We’ve seen that tool calling can be unreliable with more complex tools and more specific use cases. To minimize situations where your agent incorrectly uses tools, your team needs to optimize each tool's description and properties through testing and iteration.

Custom Functions

For each tool, while the JSON metadata gives your AI agent the information it needs to know when and how to use a tool, a custom function needs to be written and is what will be run after the tool is called. Imagine you’d like to give your AI agent a tool to schedule Google Calendar events for your user. You would have to research Google Calendar’s different APIs for ones that could be used for tool functionality, find each API’s necessary URL and query parameters, and write functions for each tool. Here’s an example of all the custom logic you would need to get busy times for a user’s current week.

const getSchedule = FunctionTool.from(
  async () => {
	  function addDays(dateObj, days) {
        dateObj.setDate(dateObj.getDate() + days);
        return dateObj;
    }
	  const calReq = fetch('https://www.googleapis.com/calendar/v3/users/me/calendarList');
	  const calRes = await calReq.json();
	  
	  cals = [];
	  for(const cal of calRes.items){
		  cals.push({id:cal.id});
		}
		
		const busyReq = fetch('https://www.googleapis.com/calendar/v3/freeBusy', {
			method: "POST",
			body: JSON.stringify({timeMin: new Date(), 
				timeMax: addDays(new Date(), 7),
				items: cals})
		});
		const busyRes = await busyReq.json();
	  
    if (busyRes.busy) {
      return response.busy;
    }
    return "Calendar could not be pulled";
  },
  {
    name: "getSdrSchedule",
    description: "Use this function when a user asks to schedule a meeting with the SDR. This function returns when " +
        "the user is busy and UNABLE to meet." +
        "Times are provided in UTC format. Use the convertUtcDatetimeToPstDatetime tool to convert UTC datetimes to" +
        "PST before returning results.",
    parameters: {
      type: "object",
      properties: {},
      required: [],
    },
  },
);

const convertUtcDatetimeToPstDatetime = FunctionTool.from(
    ({datetime}: {datetime: string}) => {
        return JSON.stringify({pstDatetime: new Date(datetime).toString()});
    },
    {
        name: "convertUtcDatetimeToPstDatetime",
        description:
            "Use this function to convert UTC datetimes to PST. Use this function whenever UTC datetimes are given such as" +
            " after the getSdrSchedule function tool is used.",
        parameters: {
            type: "object",
            properties: {
                datetime: {
                    type: "string",
                    description: "datetime in UTC",
                },
            },
            required: ["datetime"],
        },
    },
);

With Paragon:

While Paragon’s Workflows are a perfect fit for data ingestion as it’s a use case that requires the ability to handle large amounts of data over long periods of time (asynchronous jobs), tool calling is a use case where real-time, fast-acting requests are necessary so that agents can immediately respond to users (synchronous jobs).

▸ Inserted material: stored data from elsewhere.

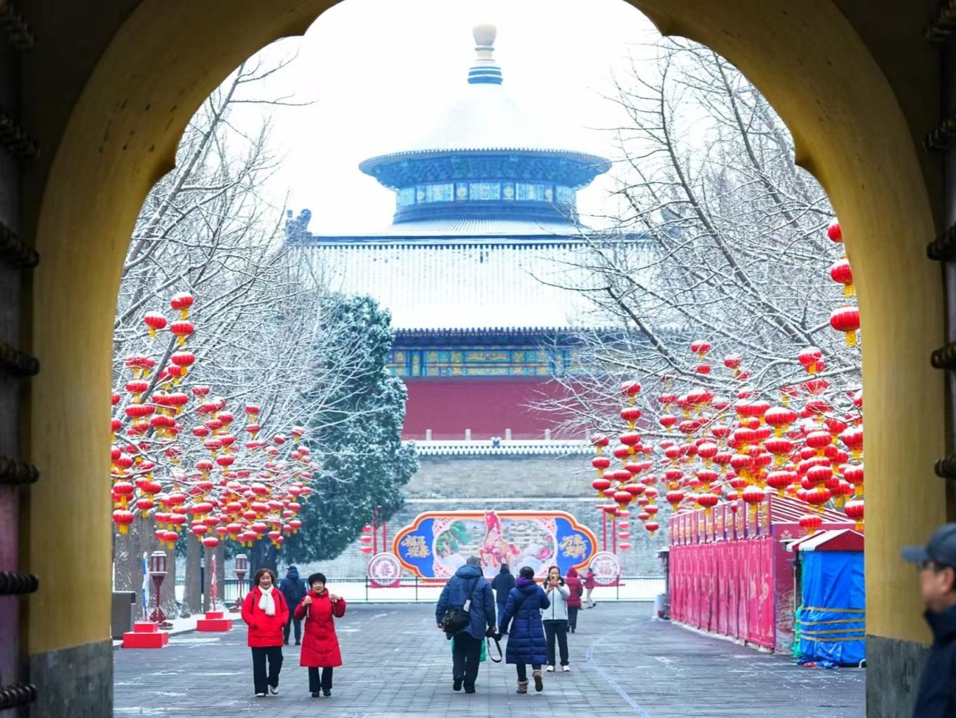 春雪落京城,天坛“福马迎春”装饰别有一番韵味
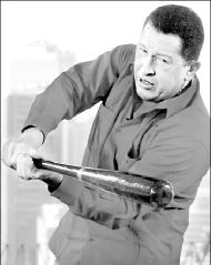 Caracas, 5 de agosto. Hugo Chávez, presidente de Venezuela, toma el bate de beisbol que le regaló Sammy Sosa, pelotero dominicano de los Cachorros de Chicago, y levantándose de la silla abanica para conectar una pe-lota imaginaria que vuela hasta el jardín de la Casa Blanca, en Washington.
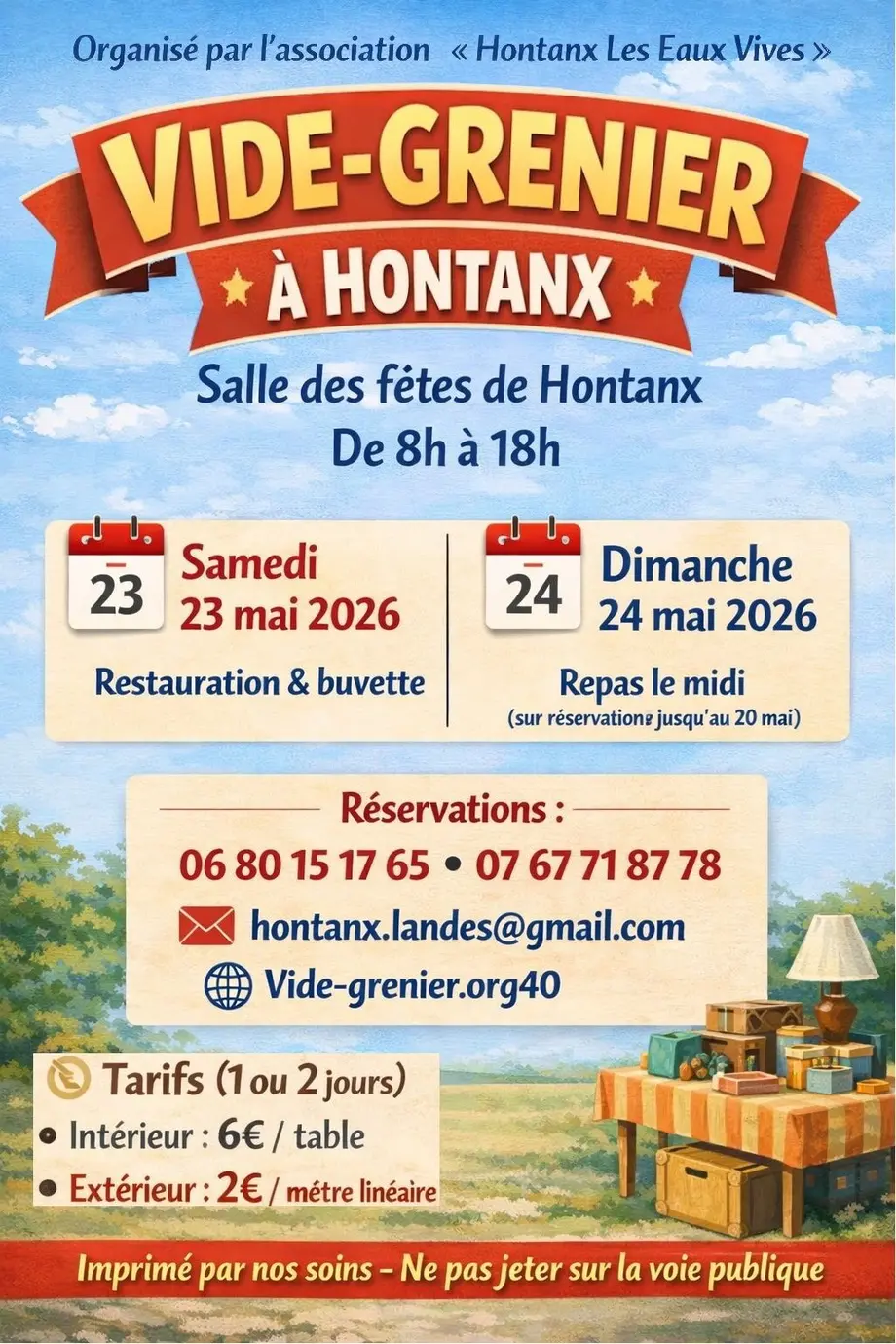 Marre de voir vos malles et votre grenier remplis d’affaires que vous n’utilisez plus et qui encombrent l’espace que vous souhaiteriez exploiter ? C’est le moment de faire des heureux en les mettant en vente lors d’un vide-grenier à Hontanx !

Paragon’s ActionKit is our first-class solution for AI agent tools, providing access to 1000+ different tools with one set of APIs.

Metadata JSON

Paragon’s ActionKit is designed for AI applications to scale the number of tools it needs quickly and reliably for 3rd-party APIs your application may need to integrate with. Back to our example of needing tools for your agent to interact with Salesforce. With a single GET request to our actionkit.useparagon.com/.../actions endpoint, your AI agent will get the metadata JSON for hundreds of different tools - tools for searching Salesforce records, creating records, retrieving records with custom fields, etc. This is just one example of a tool that ActionKit provides.

{
    "name": "SALESFORCE_SEARCH_RECORDS_CONTACT",
    "description": "Triggered when a user wants to Search Contact in Salesforce",
    "parameters": {
        "type": "object",
        "properties": {
            "filterFormula": {
                "type": "string",
                "description": "Filter search : Search for records that match specified filters."
            },
            "includeAllFields": {
                "type": "boolean",
                "description": "Include All Fields"
            },
            "paginationParameters": {
                "type": "object",
                "description": "Pagination parameters for paginated results",
                "properties": {
                    "pageCursor": {
                        "type": "string",
                        "description": "The cursor indicating the current page"
                    }
                },
                "required": [],
                "additionalProperties": false
            }
        },
        "required": [],
        "additionalProperties": false

The desciptions for tools and inputs were also optimized by our team to increase tool accuracy for AI agents. If you’re interested in learning more on how to optimize tool calling for your AI product, we’ve performed research on the topic.

Custom Functions

Not only does ActionKit provide the metadata with the necessary descriptions and inputs for each 3rd-party tool, ActionKit wouldn’t be complete without also including a way to execute the custom function when a tool is called. For this, using a POST request to the actionkit.useparagon.com/.../actions with the action name and parameters is all it takes to call a tool.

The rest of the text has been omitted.